California board requires application submitted and approved before registering for the SE exam. Has anyone recieved the approval letter to register at NCEES website? How long does it usually take for the board to review the application? It seems the NCEES will start to accept registration from Jun. 14th.


----------



## BridgeEngineerLBC (May 22, 2021)

I’m on the same boat. I applied to the CA board about a month ago, but I have not heard from them. The board did cash the check already, so it’s just a matter of time.


----------



## BridgeEngineerLBC (Jun 9, 2021)

anteaters said:


> California board requires application submitted and approved before registering for the SE exam. Has anyone recieved the approval letter to register at NCEES website? How long does it usually take for the board to review the application? It seems the NCEES will start to accept registration from Jun. 14th.

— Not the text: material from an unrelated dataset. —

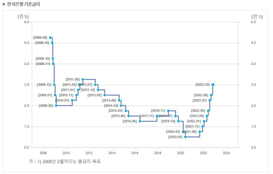사실상 2008년 리먼브라더스 사태 이후 우리세대(지금 20대후반부터 40대초반까지)는 아이러니컬 하게도 단 한번도 고금리 시대를 겪어보지 못했다. 미국기준금리 이제 5%된다지? 그럼 우리나라도 최소한 4%까지 맞춰서 올라갈텐데 그게 언제인지 봐바라 무려 2008년 11월이다. 지금 금리는 14년만에 겪는 한 번도 경험해보지 못한 시장임

Have you heard from the board yet? Nothing on my end.


----------



## anteaters (Jun 10, 2021)

Nothing on my end either.


----------



## Ricchan (Jul 11, 2022)

Have any of you heard from the board? I only received an email on June 15th saying they've received my application...no word on approval. They won't even allow us to contact them to check. 


> The Board for Professional Engineers, Land Surveyors, and Geologists has received your application and it has been referred to technical review.
> 
> Please do not contact the Board for status checks. Once in technical review, you will receive one of the following:
> 
> ...


----------



## CAPLS (Jul 12, 2022)

A large number of SE applications are completing technical review so you should be hearing something this week.


----------



## Ricchan (Jul 16, 2022)

Just reporting back that I received approval last week on 7/12 and I submitted 4/30.


----------